Yurt içine sokulan patlayıcılar konusunda gerek Emniyetin gerekse Genelkurmayın değişik zamanlarda yapılan açıklamalarda ortaya konulmuştur.
Eylemin olmuş olması güvenlik kuvvetlerinin başarısız olduğu anlamına da gelmez. Çünkü güvenlik kuvvetleri bizim haberimiz olmadan yüzlerce eylemi
önlemektedir.Bu tür eylemler her zaman tekrar yapılabilir.Kullanılan patlayıcının gücü dikkate alındığında bunun bir plastik patlayıcı olduğu ve plastik patlayıcıların genelde PKK tarafından kullanıldığı, geçmişte de bu tür eylemler yaptığı göz önünde bulundurulursa bu bir PKK eylemi olma olasılığını
artırmaktadır.
Seçilen yer ve zamanlama açısından bu bir profesyonel eylemdir.
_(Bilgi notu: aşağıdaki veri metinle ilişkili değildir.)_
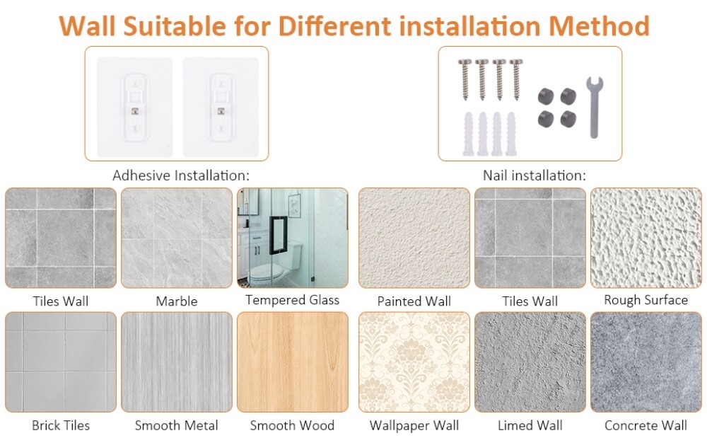 Features two mounting options: strong self-adhesive pads for drill-free setup, or stainless steel screws for permanent placement. Includes a complete set of hooks, adhesives, nails, and caps for immediate installation.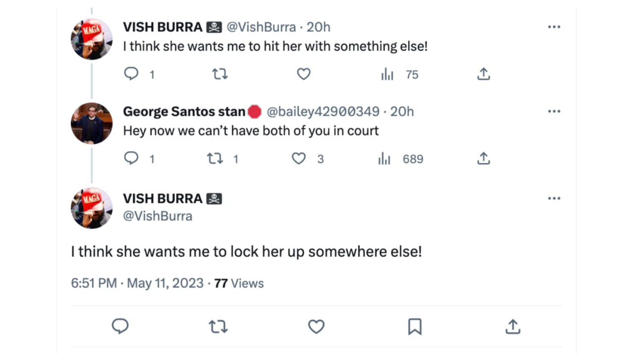 Burra also made suggestive comments about Sweet in a deleted thread interaction with Twitter user @GeorgeSantosstan.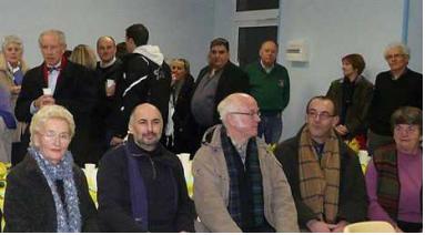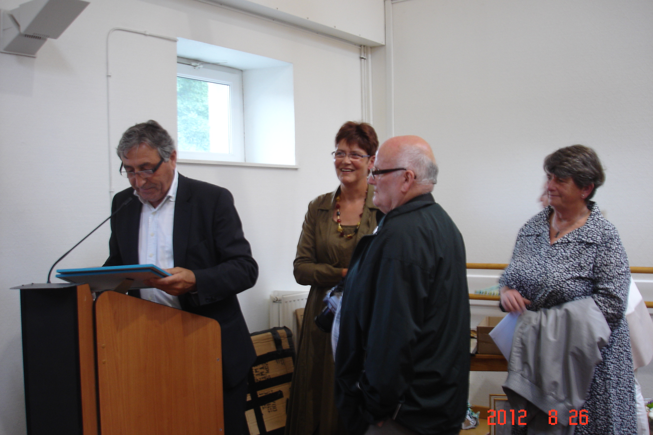 Claude LE POTIER premier président du jumelage, et Robert ROLANDO (au micro) nous ont fait revivre avec émotion les principales étapes de la création du jumelage en fin 1996 & début 1997.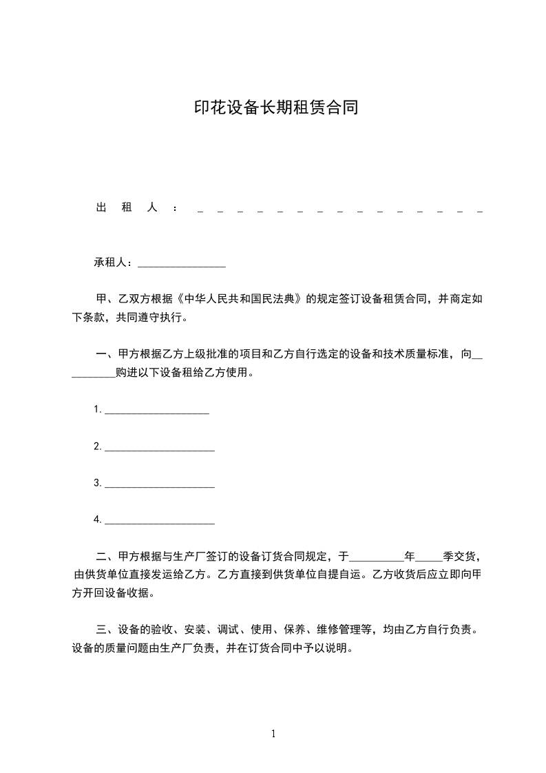 甲、乙双方根据《中华人民共和国民法典》的规定签订设备租赁合同,并商定如下条款,共同遵守执行。
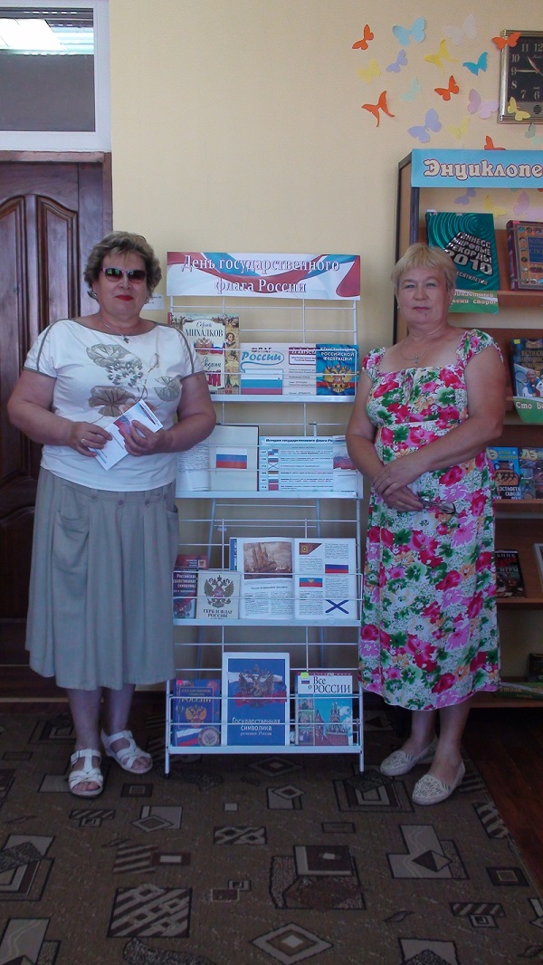 В рамках празднования Дня флага Российской Федерации на абонементе отдела обслуживания прошла акция «Флаг России – гордость нации». Всем посетителям 21 и 22 августа были вручены информационные буклеты об истории становления флага нашей огромной страны и флажки с триколором.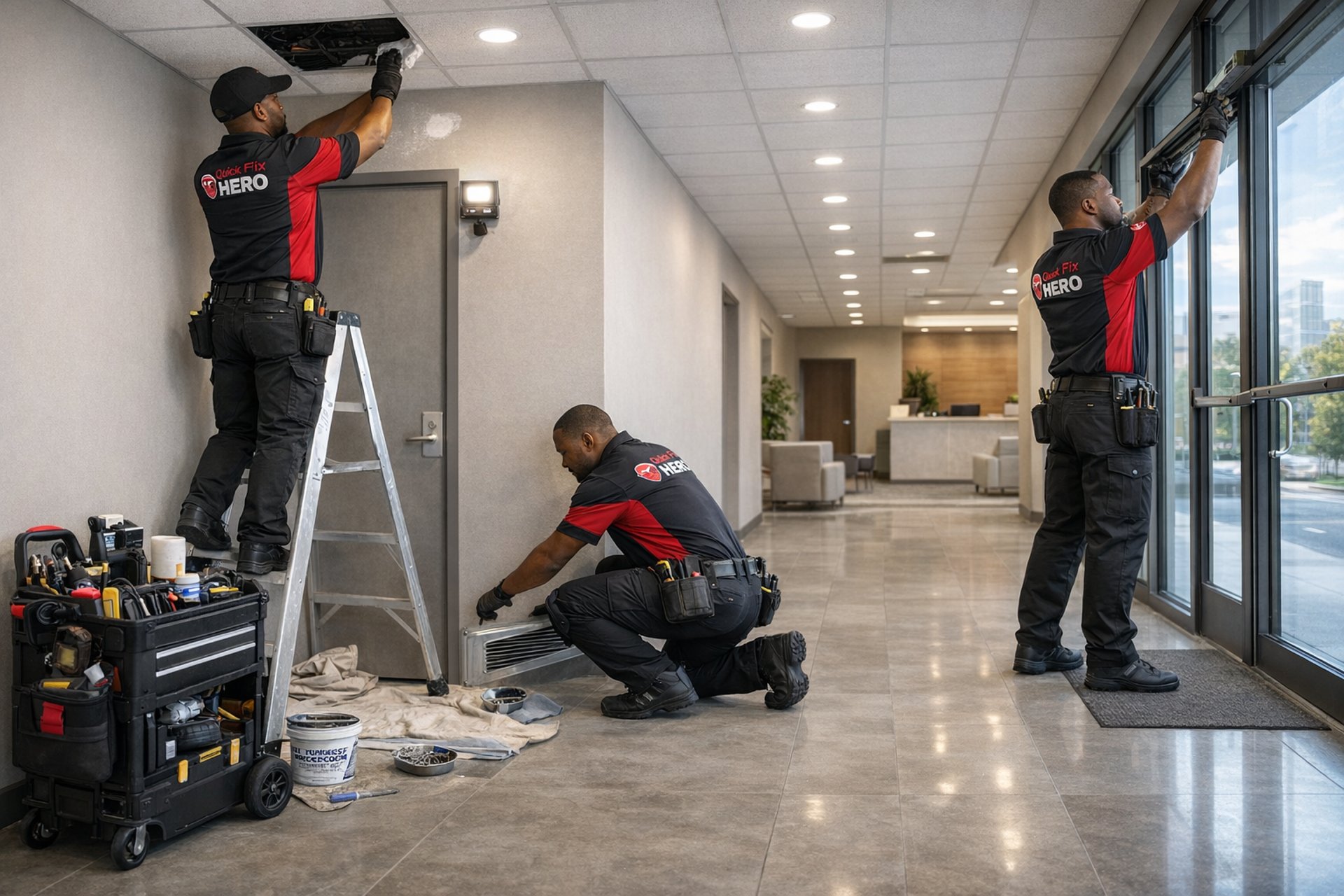 Need general building repairs for commercial properties in St. Louis or St. Charles, MO? The Quick Fix Hero handles doors, walls, ceilings, fixtures, and more. Fast, reliable handyman support for property managers and owners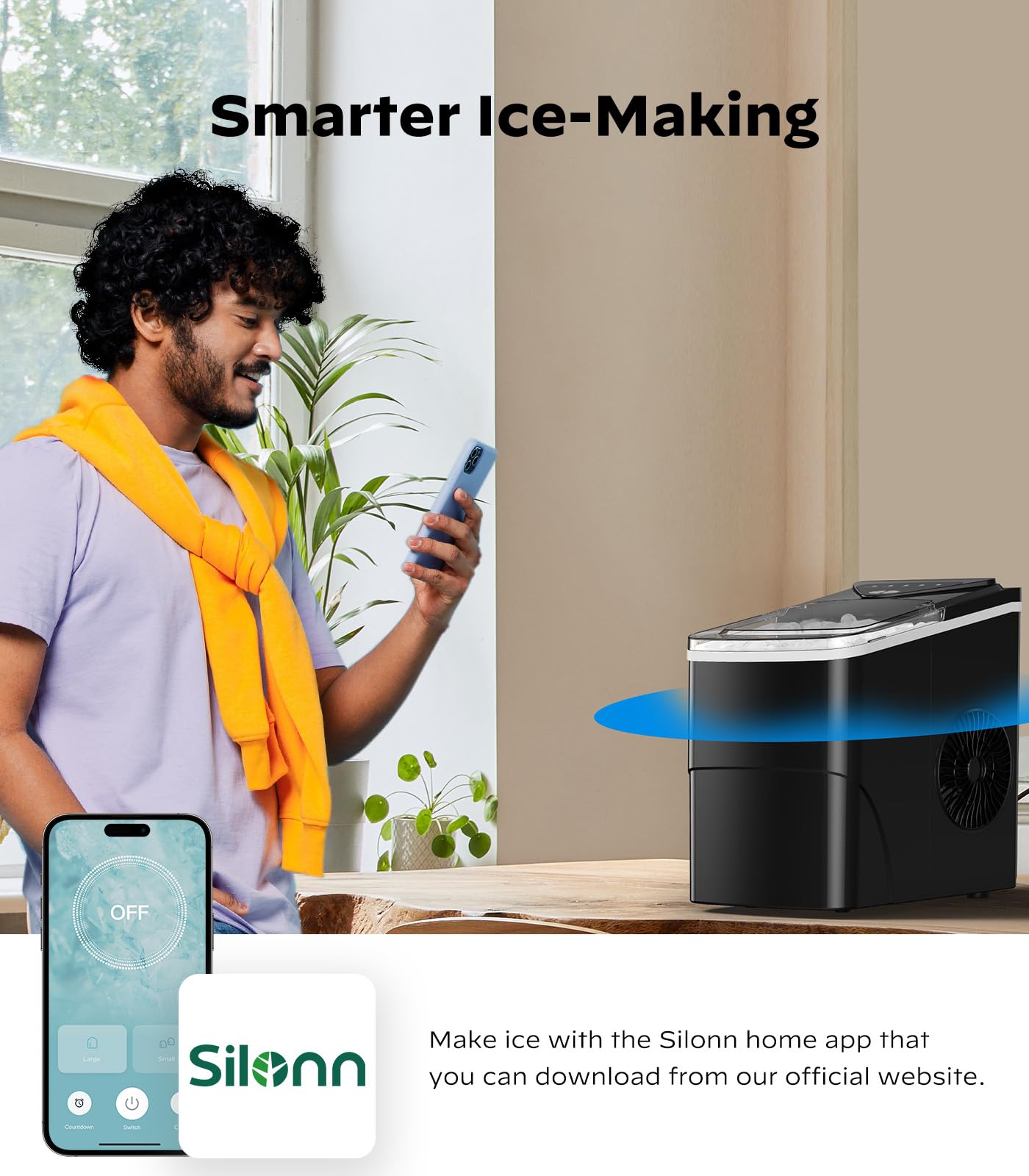 Control Using the Silonn App: Take full command of your smart countertop ice maker using the Silonn mobile app. Connect and monitor your ice maker to start or stop ice production, adjust ice cube size, and receive notifications when the water needs to be refilled.

Terör eylemlerinin en önemli amaçlarından birisi belki de en önemlisi propagandadır.
Bu nedenle bu tür olaylarda asla üst düzeyde değil en alt düzeyde açıklamalar yapılmalıdır.
Bu gün tartışma günü değil, birlik olma günüdür. Ancak bu birlik nasıl olabilecek bu çok tartışmalı çünkü hükümetle her gün şehitler veren silahlı kuvvetler arasında terörle mücadele konusunda çok ciddi farklılık vardır. Bu kadar ağır terör karşısında olup da en ağır bedeli ödeyip ancak terörle mücadele
konusunda hiçbir stratejisi olmayan tek ülke Türkiye dir.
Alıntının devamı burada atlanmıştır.